**Problem to solve**
Would you output the following records verbatim and skip the images in them?

[Stored data entries]
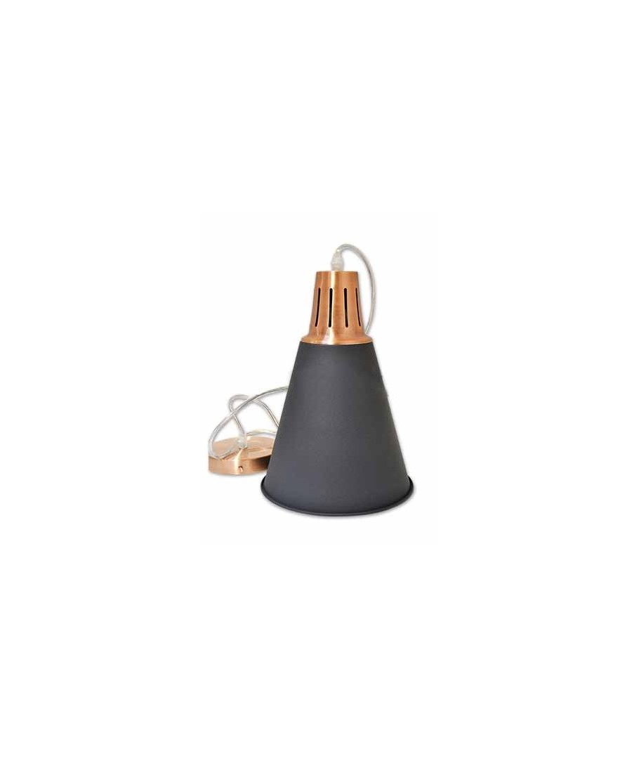 Mooi en eenvoudige hanglamp in de kleur zwart met koper aan de bovenkant.
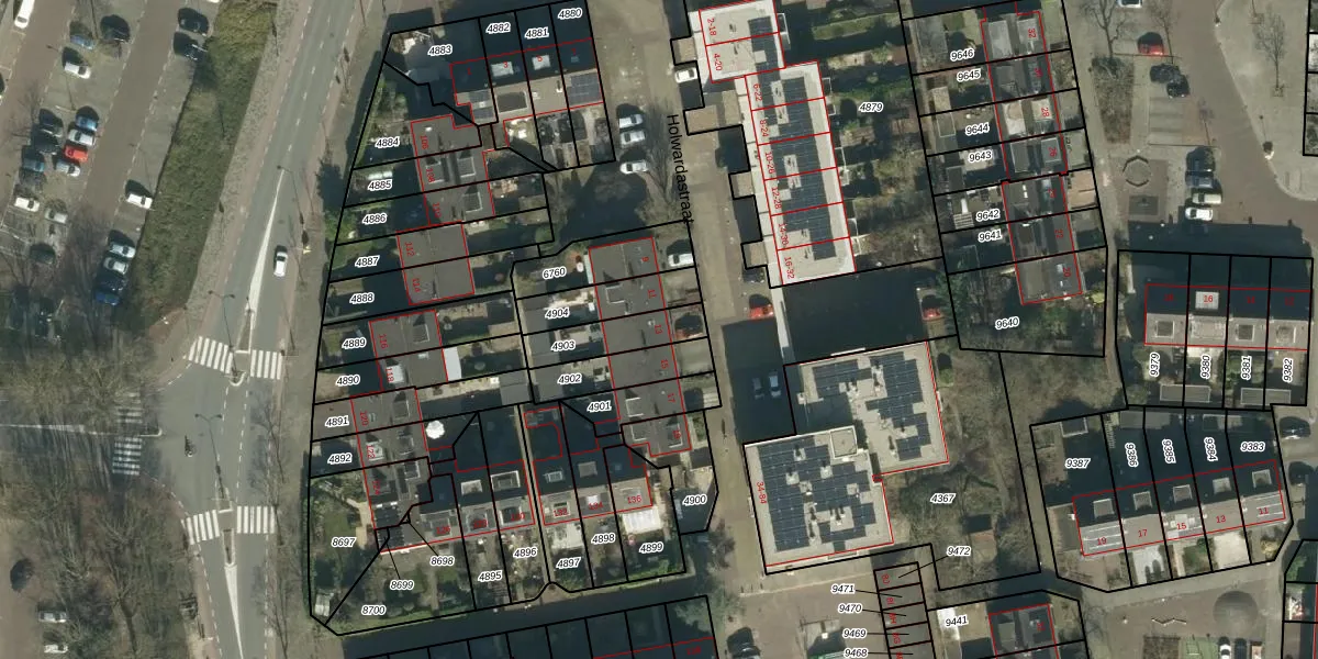 Holwardastraat 13 is gelegen op kadastraal perceel DDT00Q4903. Deze kadastrale aanduiding is uniek en wordt gebruikt door het Kadaster om eigendomsrechten en andere zakelijke rechten vast te leggen. Het perceel maakt onderdeel uit van de kadastrale gemeente Dordrecht.
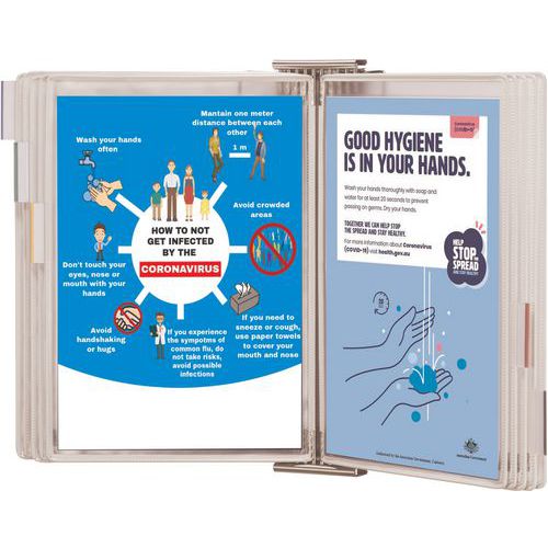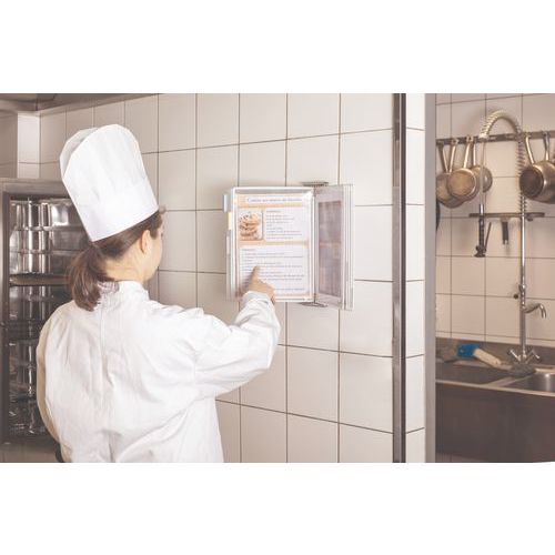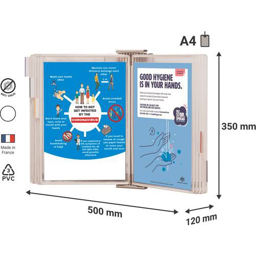 Kit mural antimicrobien à pivot pour mise à disposition hygiénique de documents.
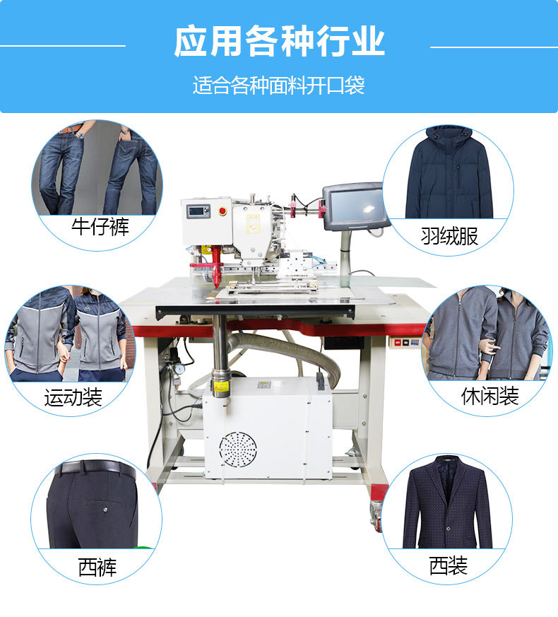 恰缝科技激光开袋机全自动服装牛仔库帽檐口袋工业缝纫机花样机
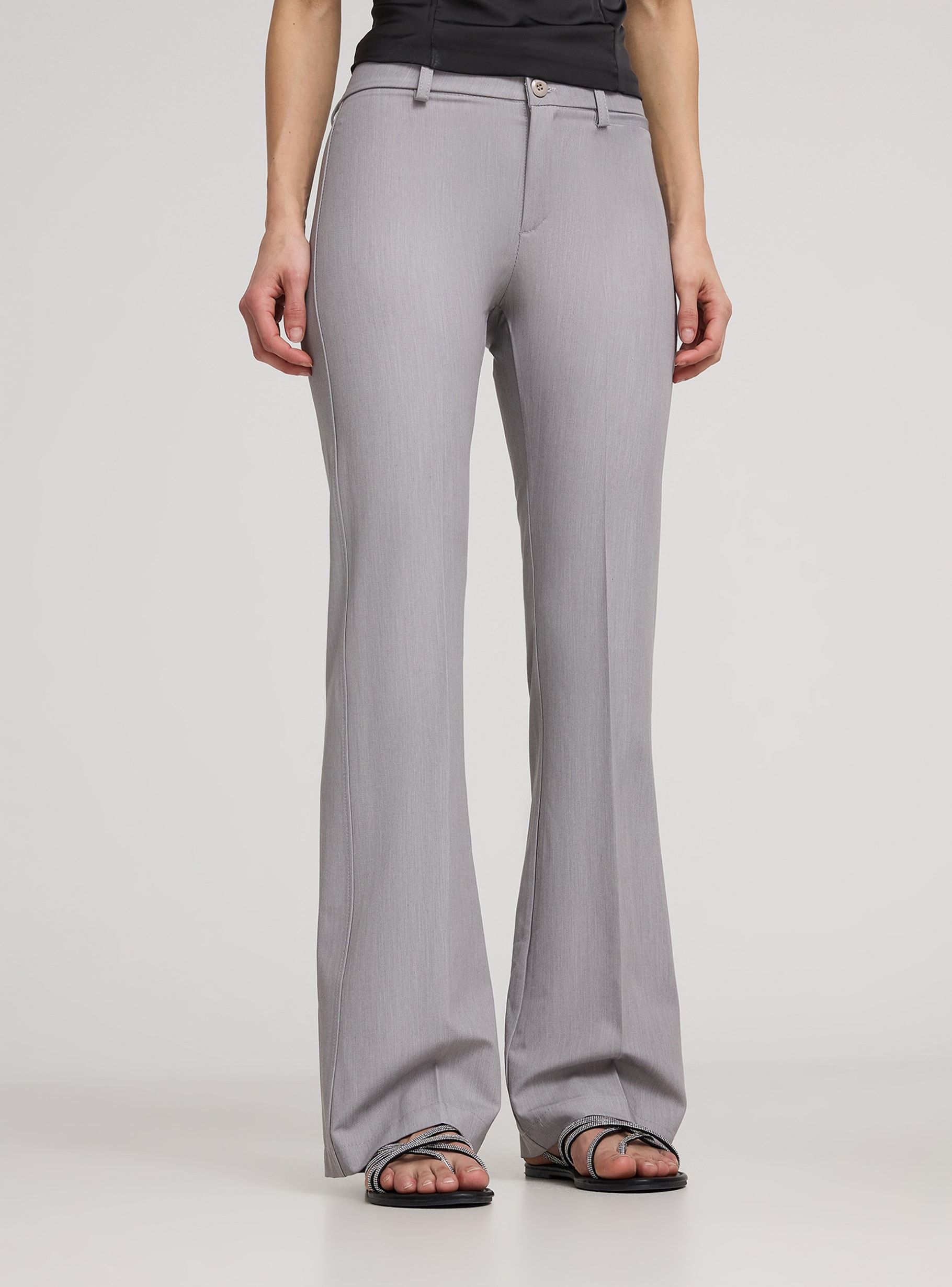 pantaloni grigi a zampa

**Response for this exercise**
 Mooi en eenvoudige hanglamp in de kleur zwart met koper aan de bovenkant.
 Holwardastraat 13 is gelegen op kadastraal perceel DDT00Q4903. Deze kadastrale aanduiding is uniek en wordt gebruikt door het Kadaster om eigendomsrechten en andere zakelijke rechten vast te leggen. Het perceel maakt onderdeel uit van de kadastrale gemeente Dordrecht.
 Kit mural antimicrobien à pivot pour mise à disposition hygiénique de documents.
 恰缝科技激光开袋机全自动服装牛仔库帽檐口袋工业缝纫机花样机
 pantaloni grigi a zampa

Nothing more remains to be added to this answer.